75 Engineer Regiment is a Royal Engineers regiment, part of the British Army's Army Reserve.

== History ==
In 1967, the regiment consisted of 125 and 143 Squadrons) from the former North Midland Divisional Engineers. In 1993 and 1999 respectively, 125 (Staffordshire) Field Squadron at Stoke-on-Trent and 143 Plant Squadron at Walsall fell under the command the 75th Engineer Regiment. 143 Plant Squadron was subsequently disbanded, but 125 Field Squadron was expanded with a Plant Troop at Cannock.
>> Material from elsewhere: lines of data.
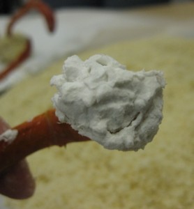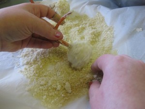 - Press the mixture firmly into an egg shape around the leg with your cornstarch covered fingers
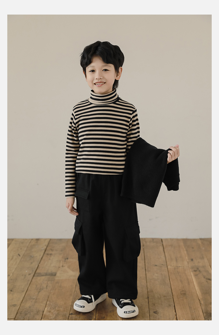 • 터틀넥 밑단 셔츠 카키 블랙 스트라이프 LQ0027
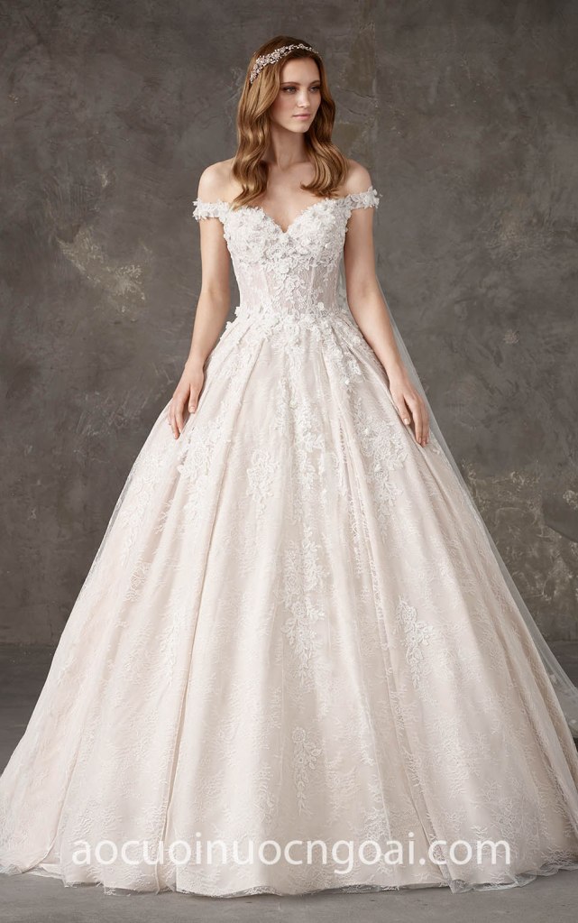 ÁO CƯỚI CÔNG CHÚA TRỄ VAI PHỐI REN XOÈ LỘNG LẪY NN7425
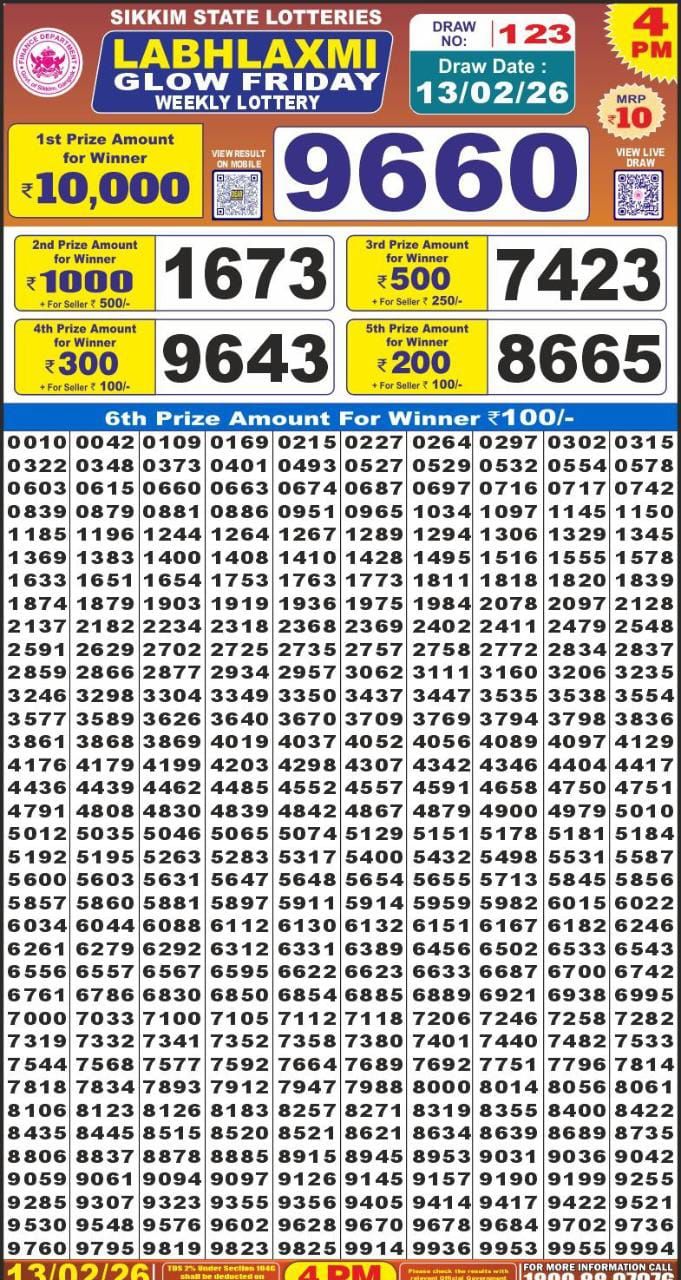 Dear Crown 6 PM Friday Weekly Lottery Result 13/02/2026 for Sikkim State Lottery
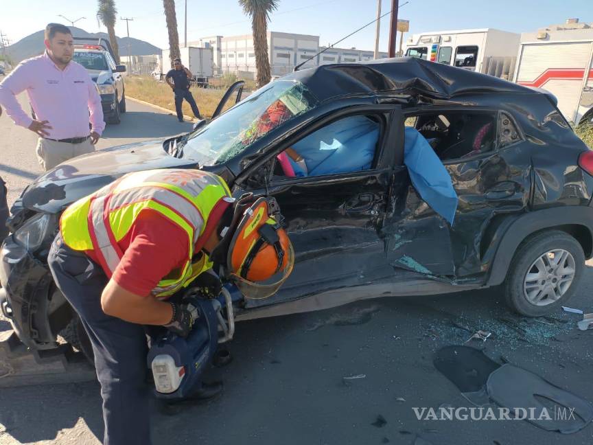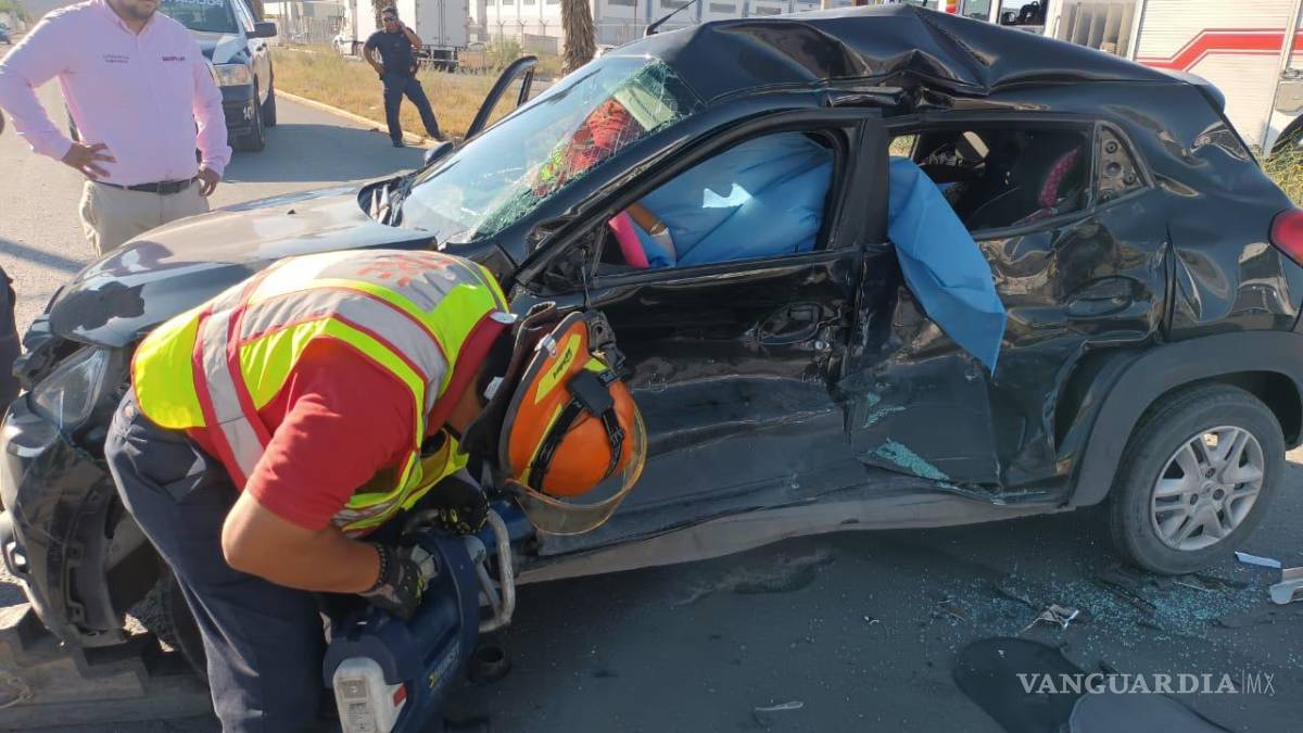 Fue necesaria la intervención del equipo de rescate urbano de Protección Civil y los bomberos para liberar a una mujer de 32 años de edad, que se encontraba atrapada en su vehículo Renault. Posteriormente, fue trasladada de urgencia al Hospital Christus Muguerza de Saltillo para recibir atención médica.

Under the initial Army 2020 restructuring, the regiment has been paired with the 36th Engineer Regiment. Additionally, the regiment will move 12 (Force Support) Engineer Group.

On 4 February 2021, the regiment formally took responsibility for the Isle of Man Army Reserve Centre. The Commanding Officer later issued a statement indicating he wished to expand the Army Reserve presence on the island, and eventually become part of the regiment.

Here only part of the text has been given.